March Madness Handicapping: Betting or Fading Bubble Teams
by Trevor Whenham - 3/4/2014
We are right in the heart of the bubble season in college basketball. Things are getting particularly tense as teams start to realize that there are more teams with a claim on a spot in the NCAA Tournament field than there are spots to be had. The bubble can provide excellent betting opportunities for bettors, but to achieve those profits you need to be good at assessing what the bubble is going to mean for different teams. Some teams are lifted by their bubble status and play better than ever. Others struggle under the pressure and disappoint. Here are seven questions to ask when determining how a team might fare:
Which way are they trending?: In general terms, a team can wind up on the bubble because they started strong but have faded as the season went along or because they struggled out of the gate but have found their game more down the stretch. It’s important for bettors to just look beyond the record and see how the team has gotten to that particular record. Obviously, it’s easier to trust a team that has found their form as the season has gone along than it is to find one that has forgotten how to win.
Are they healthy?: At this point of year nothing is more important than health for teams. No team is completely healthy, but some are obviously better than others. If a team is able to put their ideal lineup on the court, and if that lineup is able to play as many minutes as they ideally would at full strength, then they are going to be competitive. If health leads them to compromise on their roster, though, then they may struggle.
How experienced are they?: A team on the bubble will face intense pressure — and even more so if they come from a strong basketball school with a demanding fan base. A team that has never been through that before could struggle under the pressure. If the team — or at least the core of the team — has gone through a similarly intense situation in the past, though, then they could be much more suited to handle it now.
How’s the coaching?: I would make the argument that coaching is more important in college basketball than in any other sport. A great coach can elevate his team when the pressure is massive, and a lesser coach can let a talented team down. Strong coaching is why we have seen so many mid-majors that shouldn’t be talented enough make deep runs and knock out much more talented teams.
What’s the remaining schedule?: The schedule can make a big difference for bubble teams, but not necessarily in the same way that it does in other teams. When a team is making a playoff push in the NBA, for example, they want the remaining schedule to be as easy as possible because a win is a win. In college basketball, though, wins on the bubble are not all created equally. Teams would ideally like a schedule that is easy enough to be manageable but challenging enough that the selection committee will take note. A schedule that is too easy can often be a bad thing because the team can’t make a statement.
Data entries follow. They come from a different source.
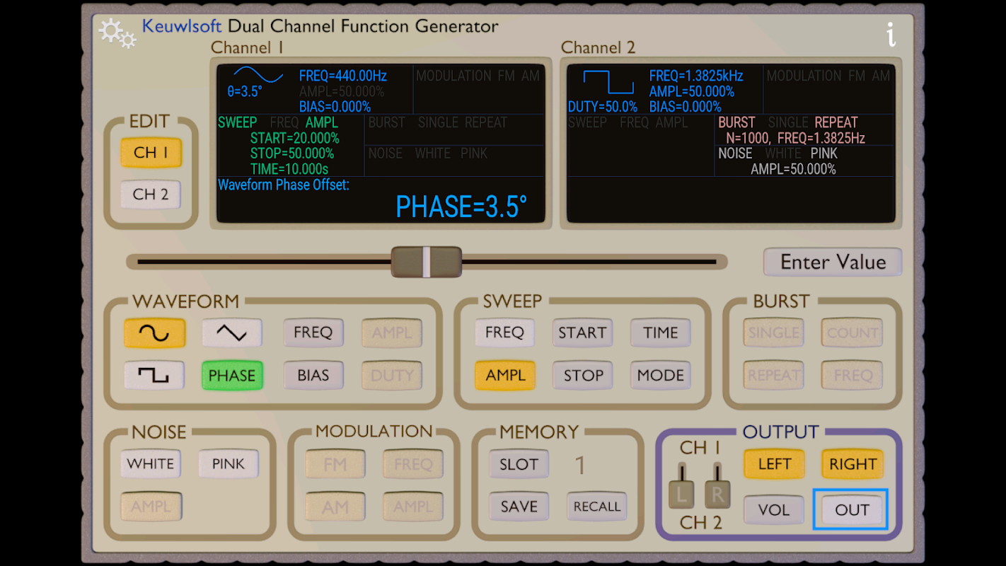 প্রতিটি বাম এবং ডান চ্যানেলের জন্য আউটপুট 16 বিট এবং 44.1kHz এ। আউটপুট আপনার ডিভাইস হার্ডওয়্যার উপর নির্ভর করবে. কিছু ডিভাইস হার্ডওয়্যার ডিসি পক্ষপাত এবং কম ফ্রিকোয়েন্সি সংকেত ফিল্টার করতে পারে। উচ্চ ফ্রিকোয়েন্সিতে, প্রতিটি তরঙ্গরূপের জন্য সীমিত সংখ্যক নমুনার কারণে তরঙ্গরূপ বিকৃত হবে (উদাহরণস্বরূপ 4.41kHz এ, একটি সাইন তরঙ্গরূপ আনুমানিক মাত্র 10 পয়েন্ট হবে)। তাই এটি মজা/শিক্ষামূলক ব্যবহারের জন্য, সমালোচনামূলক অ্যাপ্লিকেশনের জন্য একটি বাস্তব ক্যালিব্রেটেড ফাংশন জেনারেটর ব্যবহার করুন।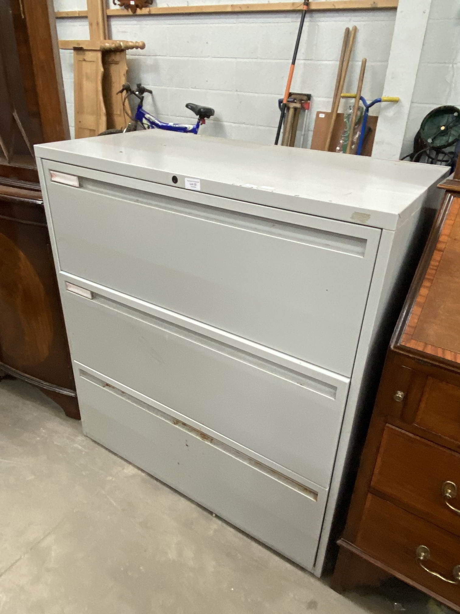 Metal three drawer filing cabinet 100H 92W 46D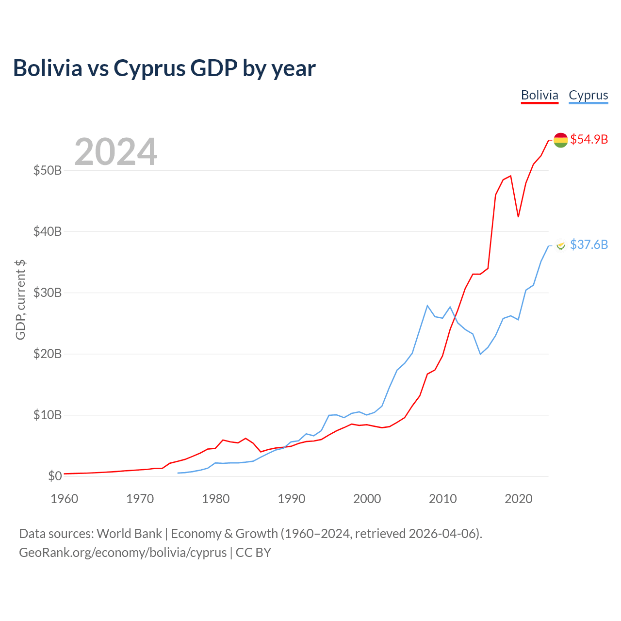 Bolivia has a GDP of $54.9B compared to $37.6B for Cyprus, ranking 88/197 and 103/197 by economy size, respectively.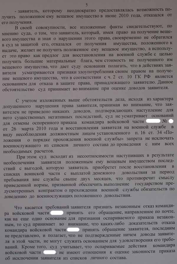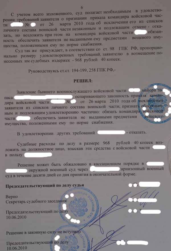 Выставляю решение суда. Создаётся ощущение, что я был немым на суде. Удивляет одно - как только меня не заставили оплатить министерству обороны задолжность по вещёвке?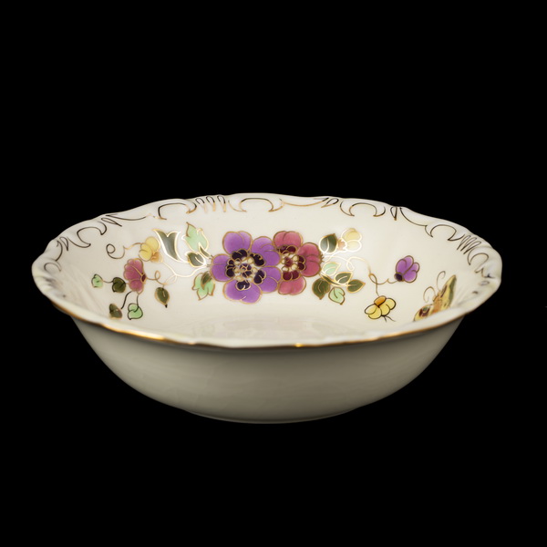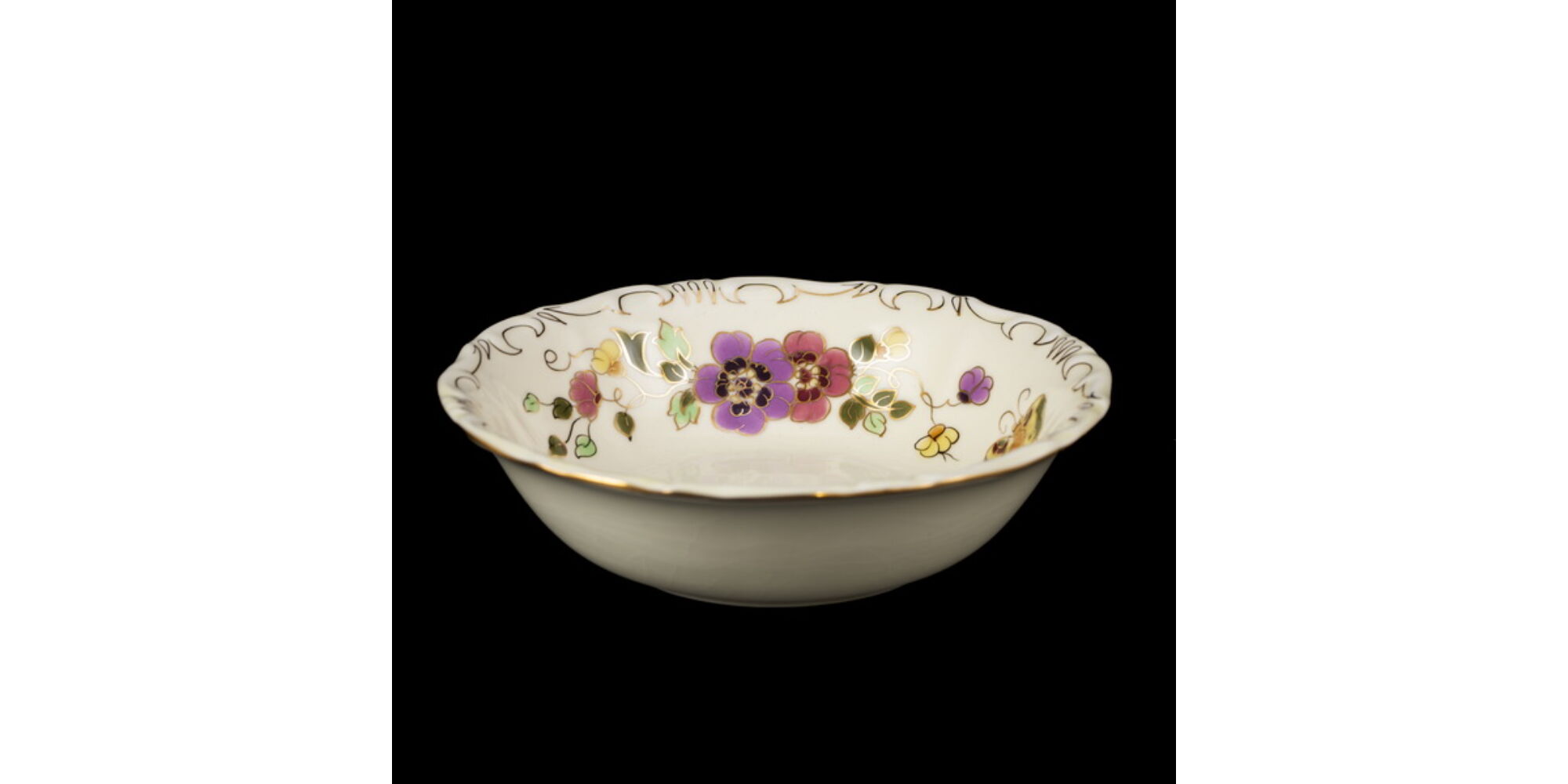 Zsolnay porcelain compote bowl painted with butterfly decor and gold-contoured. Dimensions: 4 x d:13 cm. Marked: modern Zsolnay brand mark.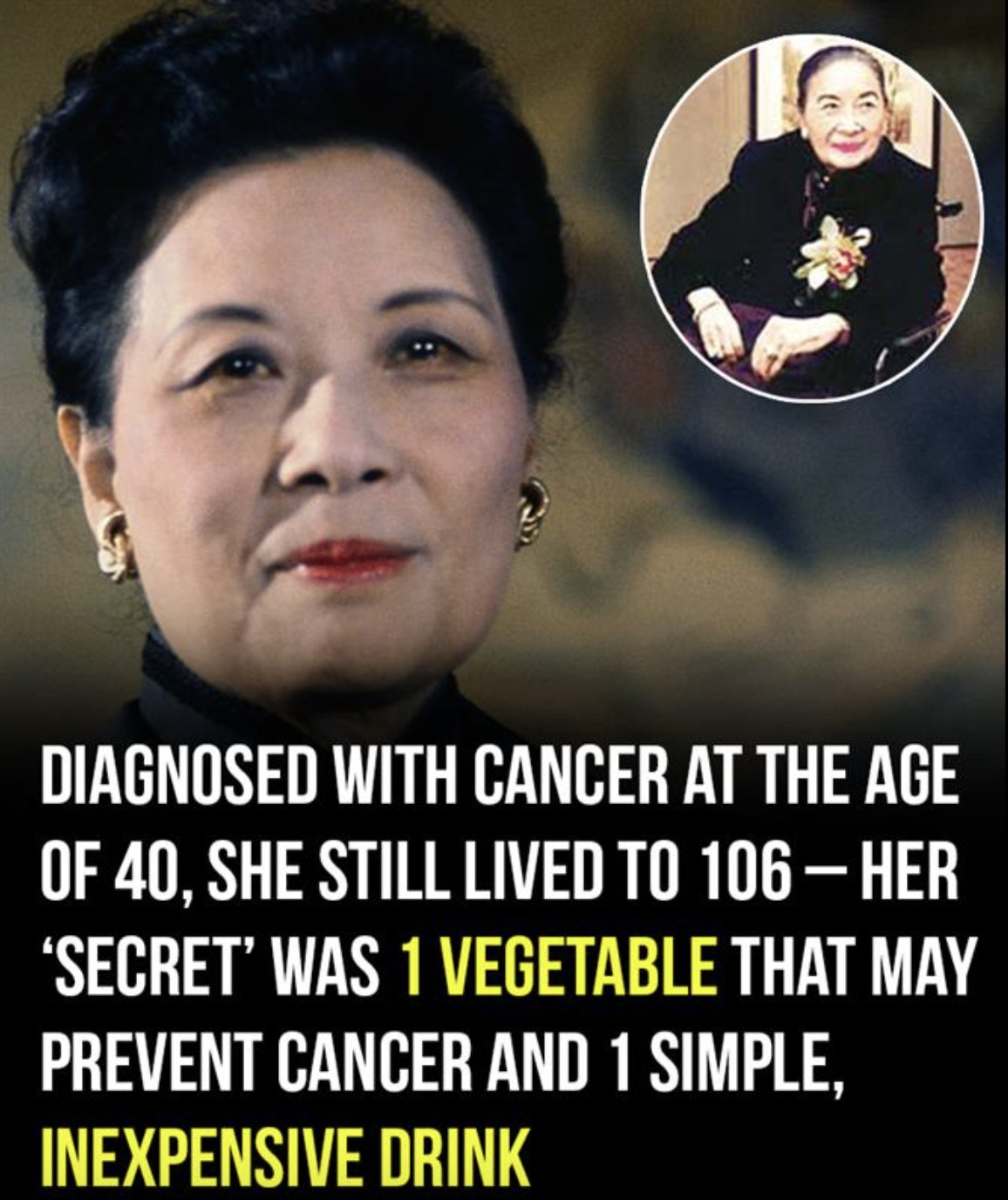 Diagnosed with cancer at just 40, Madame Chiang beat the disease and went on to live 106 years, passing away peacefully in her Manhattan apartment in 2003.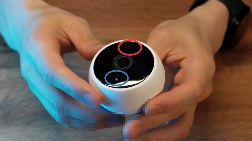 На лицевой стороне есть логотип «Mi» и индикатор о состоянии работы устройства (красный овал). Далее идет объектив камеры и микрофон (синий овал).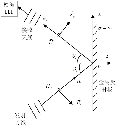 1)垂直或水平極化波斜入射到導體平面的反射波;沿反射角方向LED最亮。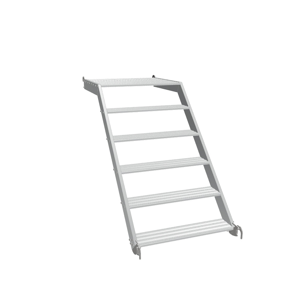 The Alto Cup System Scaffold Stair is an all-aluminium stair unit designed to be used on system scaffolding with 1.8m bays – typically Cuplok/Scaflok/Genlok/Tradlok.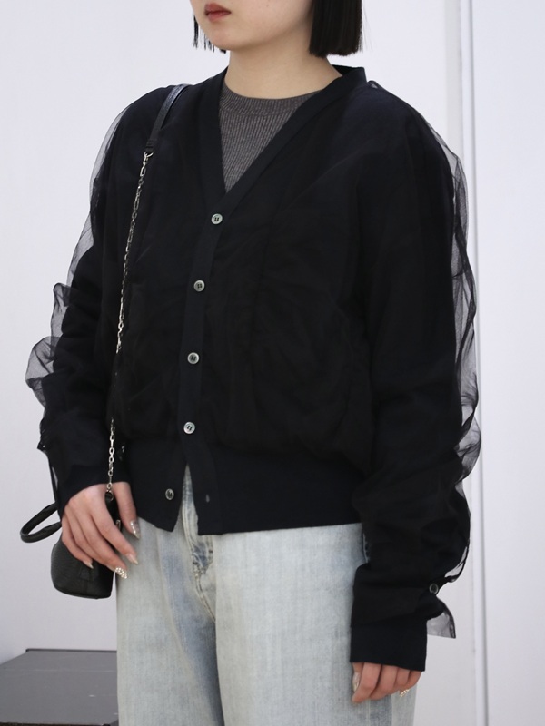 シルエットはベーシックな形のカーディガンですが、チュールをボリューム感たっぷりに重ねたデザインとなっています。

It’s not uncommon to see a team falter in an easy game down the stretch because they feel like the game doesn’t matter — which it likely wouldn’t if the team had won.
Are they high profile?: Not all bubble teams will draw the same attention. A high-profile team will draw a lot of attention, and public bettors will be paying close attention — and betting heavily on or against the team depending on the public mood. Public betting action is always important, but it is especially important to keep an eye on here when public interest is elevated and higher betting volumes can have a stronger impact on value.
How are other bubble teams doing?: Bubble teams do not control their own destinies. They need to take care of their own business, and they need to hope that other bubble teams falter. When you are evaluating bubble teams, then, you can’t look at them in isolation, but you need to examine them in the greater context of the other bubble teams around them. You also need to keep an eye on how things turn out as conference championship games are played. If teams that wouldn’t otherwise have made the field win the tournament to get an automatic bid then the competition for tournament spots gets more intense — especially if there are other teams in that conference that will get at-large bids.